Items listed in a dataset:
*** Begin section ***
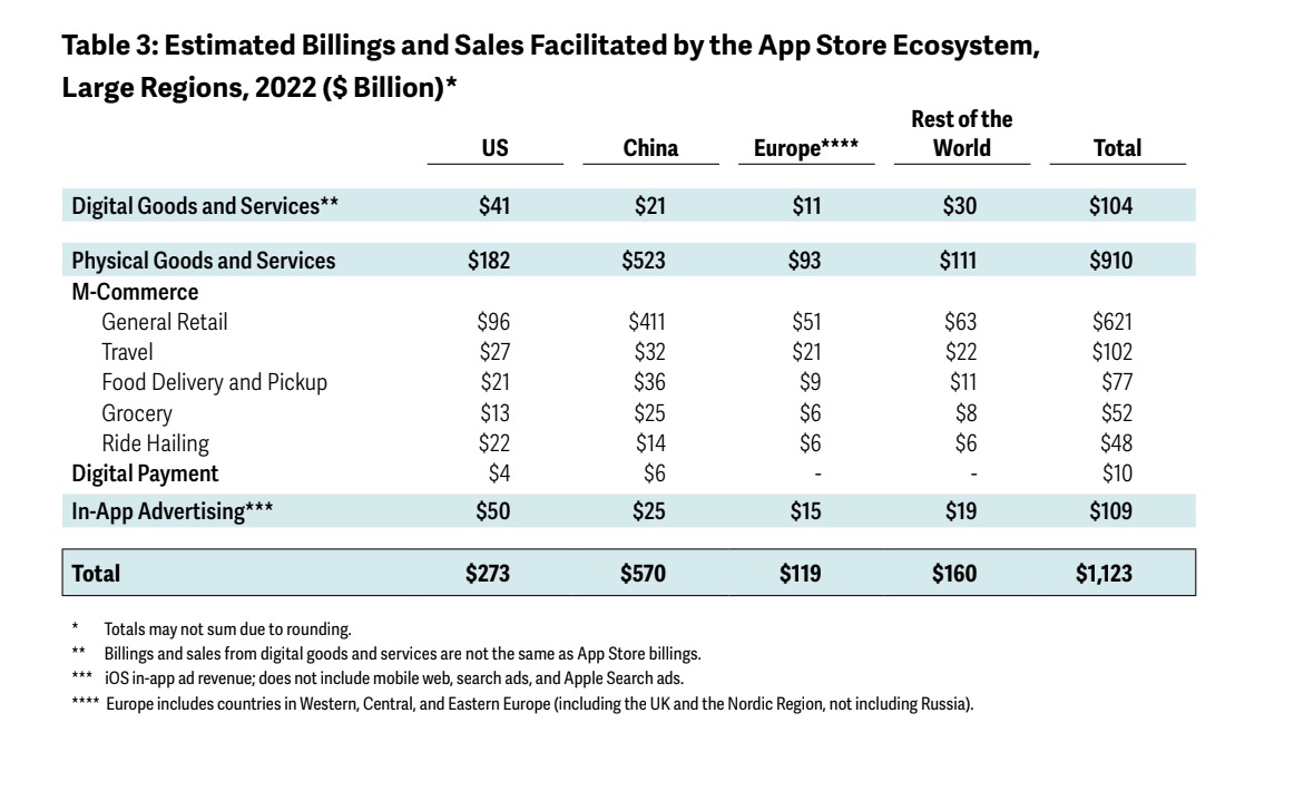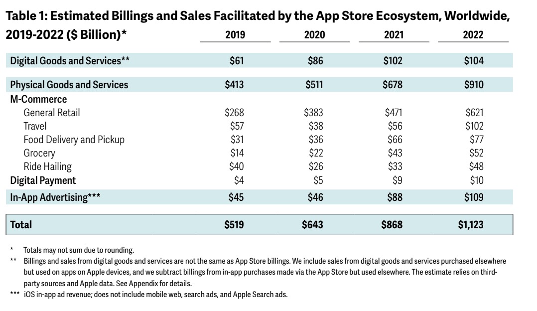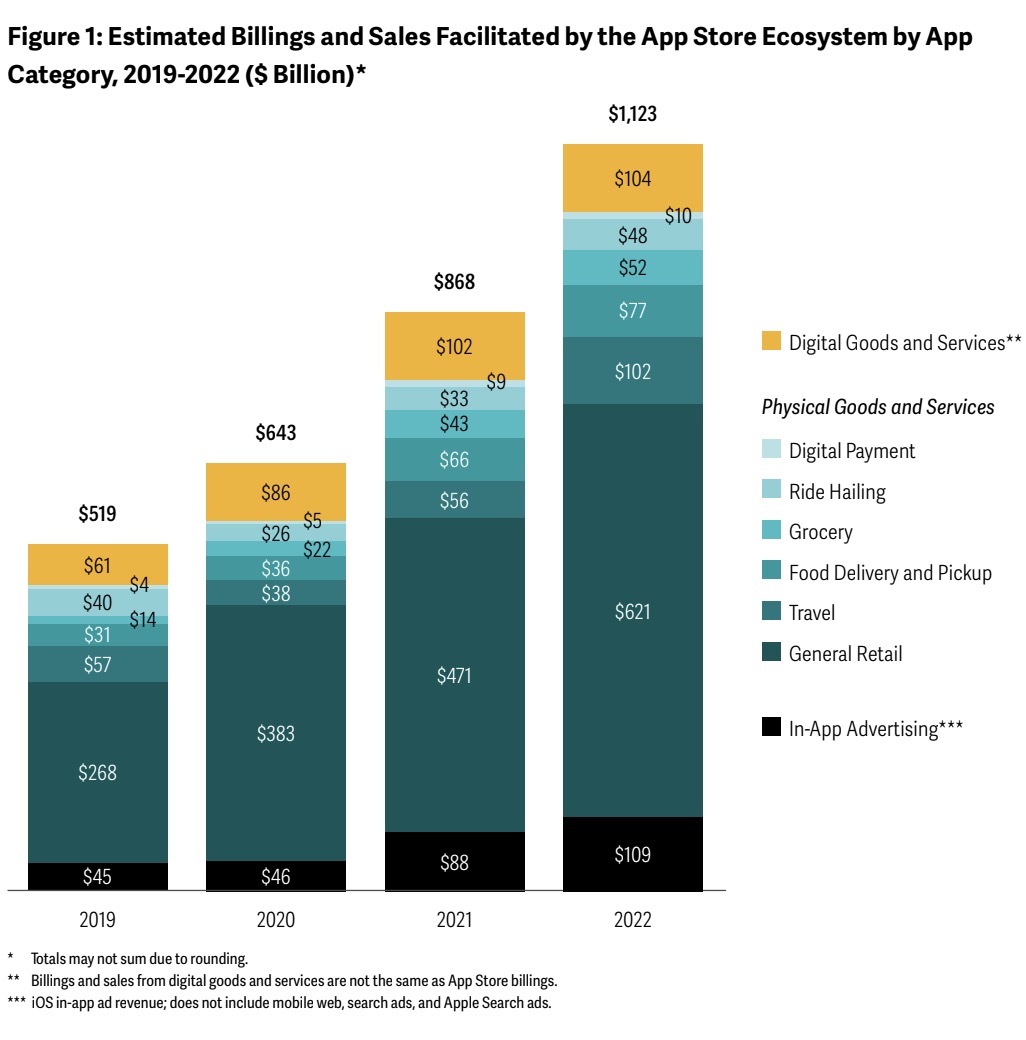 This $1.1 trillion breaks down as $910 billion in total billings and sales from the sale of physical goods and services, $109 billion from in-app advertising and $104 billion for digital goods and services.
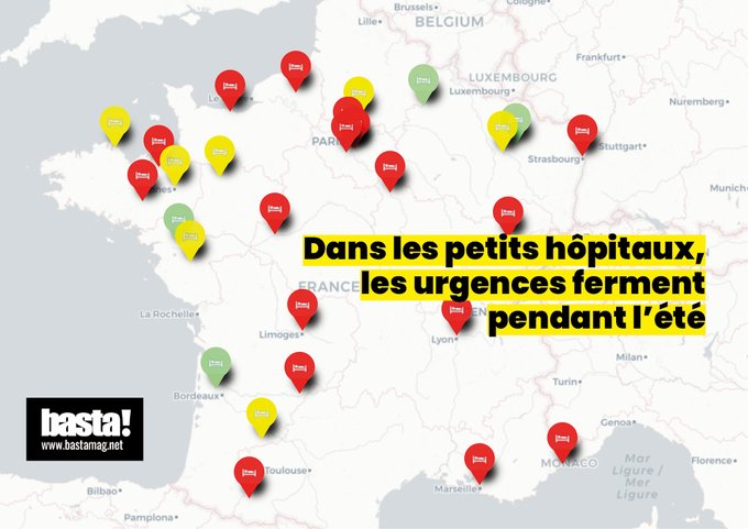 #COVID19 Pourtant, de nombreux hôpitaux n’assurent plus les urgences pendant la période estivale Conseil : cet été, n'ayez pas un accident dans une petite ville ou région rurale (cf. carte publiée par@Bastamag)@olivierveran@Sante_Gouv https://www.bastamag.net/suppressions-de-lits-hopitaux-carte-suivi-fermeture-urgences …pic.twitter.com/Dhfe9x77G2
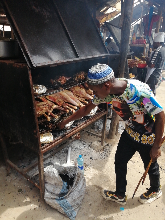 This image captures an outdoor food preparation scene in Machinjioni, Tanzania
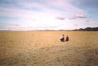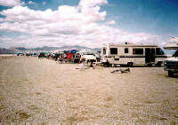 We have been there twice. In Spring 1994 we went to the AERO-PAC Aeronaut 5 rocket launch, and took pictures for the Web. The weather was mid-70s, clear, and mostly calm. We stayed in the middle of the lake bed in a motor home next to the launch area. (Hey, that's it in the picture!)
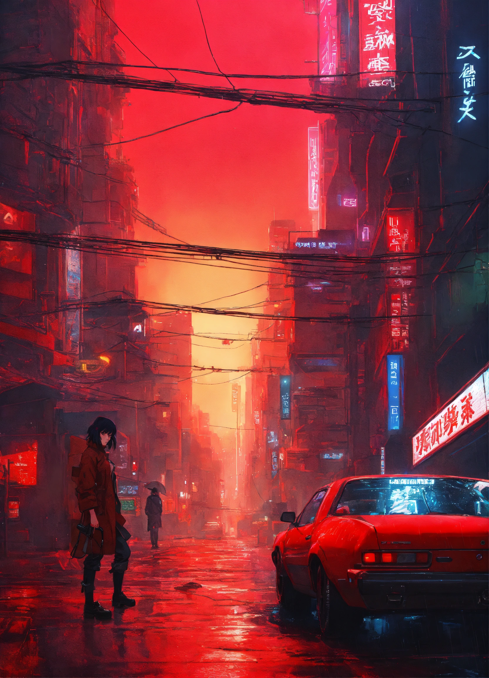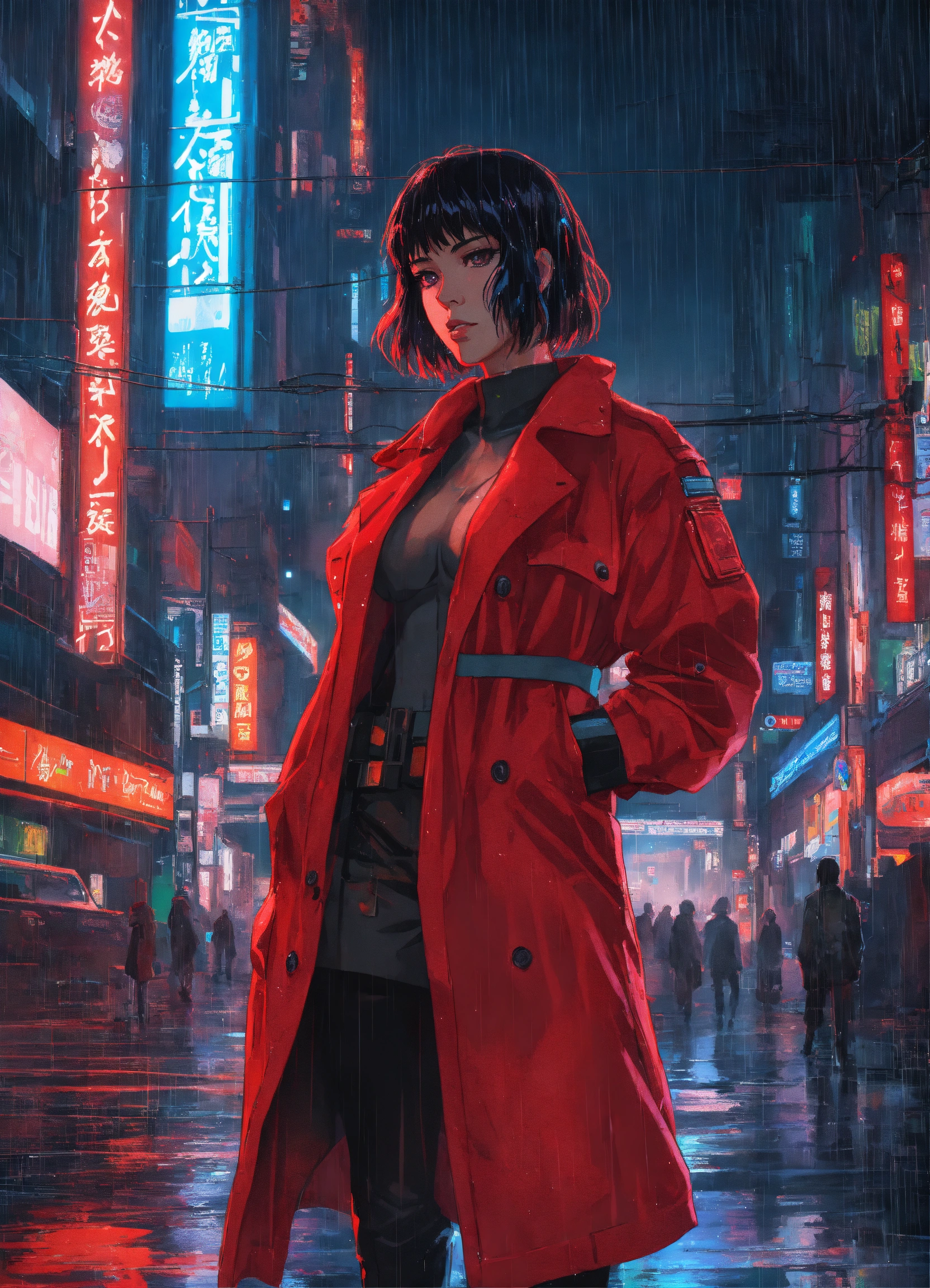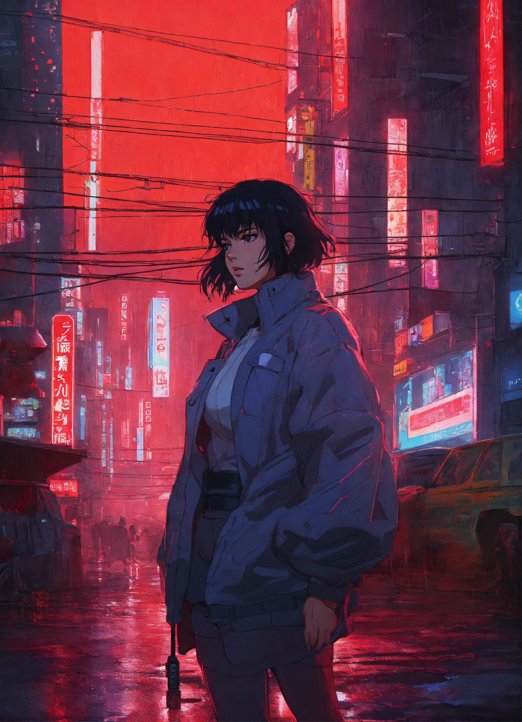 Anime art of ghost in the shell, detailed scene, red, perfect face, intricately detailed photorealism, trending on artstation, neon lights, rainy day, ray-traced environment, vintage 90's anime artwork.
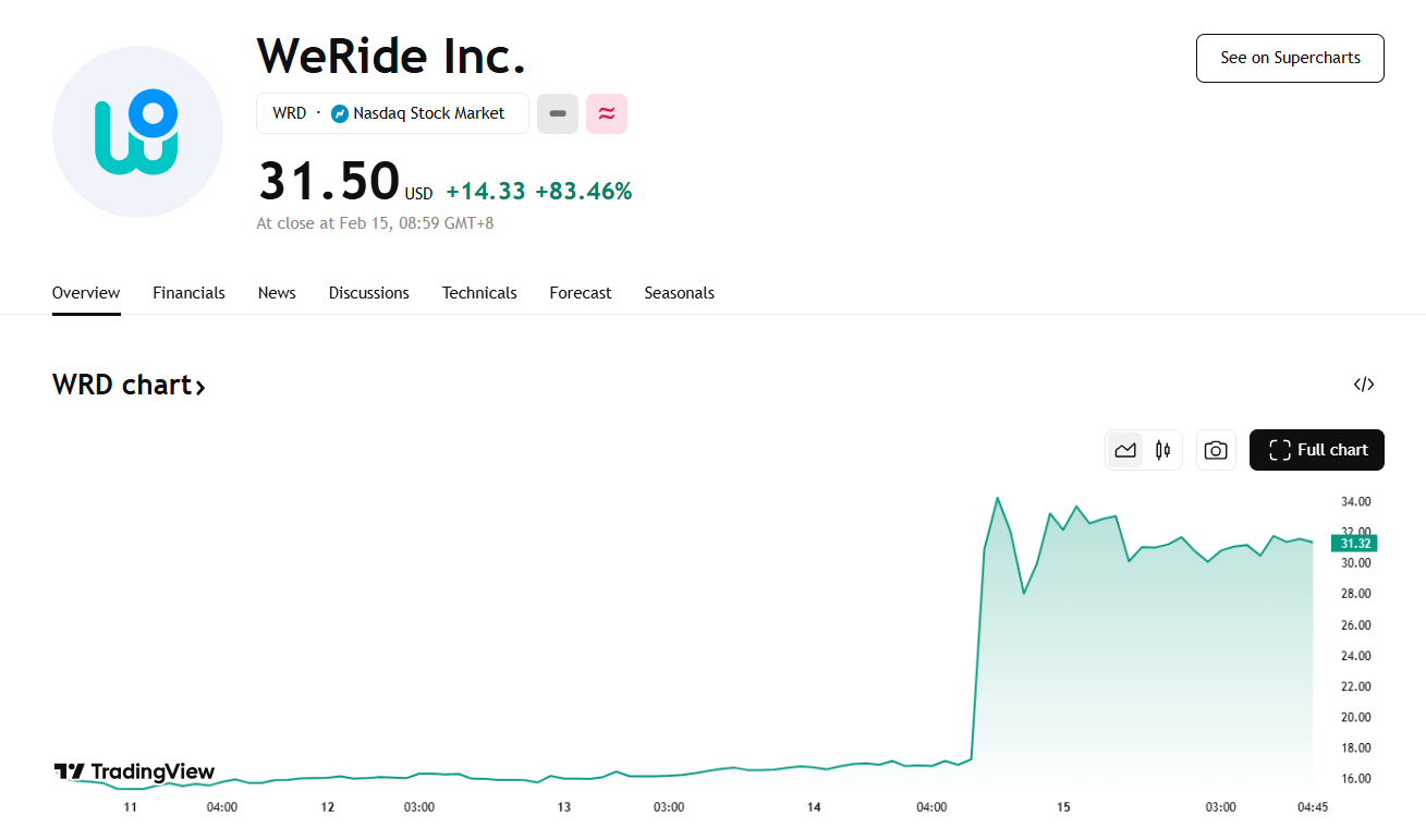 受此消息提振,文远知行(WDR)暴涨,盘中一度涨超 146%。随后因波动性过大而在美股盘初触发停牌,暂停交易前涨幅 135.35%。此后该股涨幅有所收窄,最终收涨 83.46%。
*** End section ***
PROBLEM REQUIREMENTS:
Your response should consist solely of the lines from the line with "This image captures" through the last line of the entries above, printed exactly and without pictures.

PROBLEM SOLUTION:
 This image captures an outdoor food preparation scene in Machinjioni, Tanzania
 We have been there twice. In Spring 1994 we went to the AERO-PAC Aeronaut 5 rocket launch, and took pictures for the Web. The weather was mid-70s, clear, and mostly calm. We stayed in the middle of the lake bed in a motor home next to the launch area. (Hey, that's it in the picture!)
 Anime art of ghost in the shell, detailed scene, red, perfect face, intricately detailed photorealism, trending on artstation, neon lights, rainy day, ray-traced environment, vintage 90's anime artwork.
 受此消息提振,文远知行(WDR)暴涨,盘中一度涨超 146%。随后因波动性过大而在美股盘初触发停牌,暂停交易前涨幅 135.35%。此后该股涨幅有所收窄,最终收涨 83.46%。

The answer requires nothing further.